- Born: Bruce Noble Garvey c. 17 October 1939 London, England
- Died: 1 August 2010 (aged 70) Wellington, Ontario, Canada
- Occupations: reporter, editor
- Spouse: Celia Wasbrough
- Children: Paul Garvey, Danny Garvey, Stephen Garvey, Andrea Bucic
- Relatives: Kyla Garvey (Grand Child), Megan Garvey (Grand Child), Colin Garvey (Grand Child) Alison McDevitt-Wilson (Grand Child), Kristen McDevitt (Grand Child)

= Bruce Garvey =

Canadian journalist and editor

Bruce Noble Garvey (c. 1939 - 1 August 2010) was a British-born Canadian journalist and editor.

Born in London, England, Garvey moved to Ontario, Canada at age 19 and worked at various newspapers such as the Stratford Beacon-Herald. After jobs at United Press International and the Montreal Gazette, he joined the Toronto Star in 1967 where he held various editorial and bureau chief positions and city editor. In 1977, he moved to broadcast journalism first with CBC Television where he became a producer for The Journal's documentaries. He later joined the news department at Global Television.
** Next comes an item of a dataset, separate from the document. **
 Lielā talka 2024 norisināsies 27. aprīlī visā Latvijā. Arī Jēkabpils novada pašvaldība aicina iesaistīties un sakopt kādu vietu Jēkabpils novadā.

He returned to print journalism in 1998 when he became the news editor for Ottawa Citizens weekend editions, and became a columnist for the National Post.
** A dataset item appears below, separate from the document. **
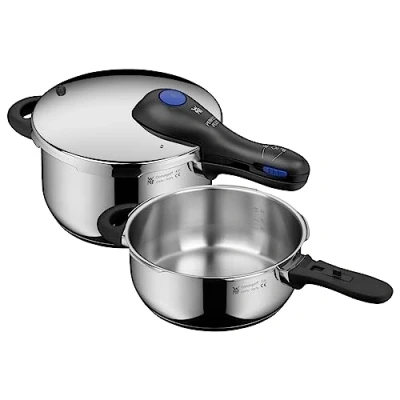 Contents: 1x pressure cooker volume 4.5 l, Ø 22 cm 1x pressure cooker volume 3 l, Ø 22 cm 1 x lid, Item number: 0794459990 Material: Cromargan 18/10 stainless steel, polished, rust-proof, dishwasher safe and acid-resistant; Except the sealing ring and removable lid handle, all parts are dishwasher safe TransTherm universal base suitable for all hob types, including induction for optimal heat distribution and retention that saves energy; flame protection on handle and handle Optimum safety thanks to the pin on the pressure indicator, this pin is the first thing to raise when cooking, indicates that the pot is already under pressure and the lid is completely locked Easy opening and closing, progressive release of pressure, by sliding buttons on the sides of the handle; the fixing system on the inside of the handle makes it more effective and easy to operate

In 1970, Garvey and Daily Expresss Richard Killian were the only reporters present at NASA's Mission Control when the crew of Apollo 13 first reported the critical equipment failures which changed the lunar mission into a rescue operation.

In May 2009, Garvey was diagnosed with lung cancer and died in Wellington, Ontario on 1 August 2010.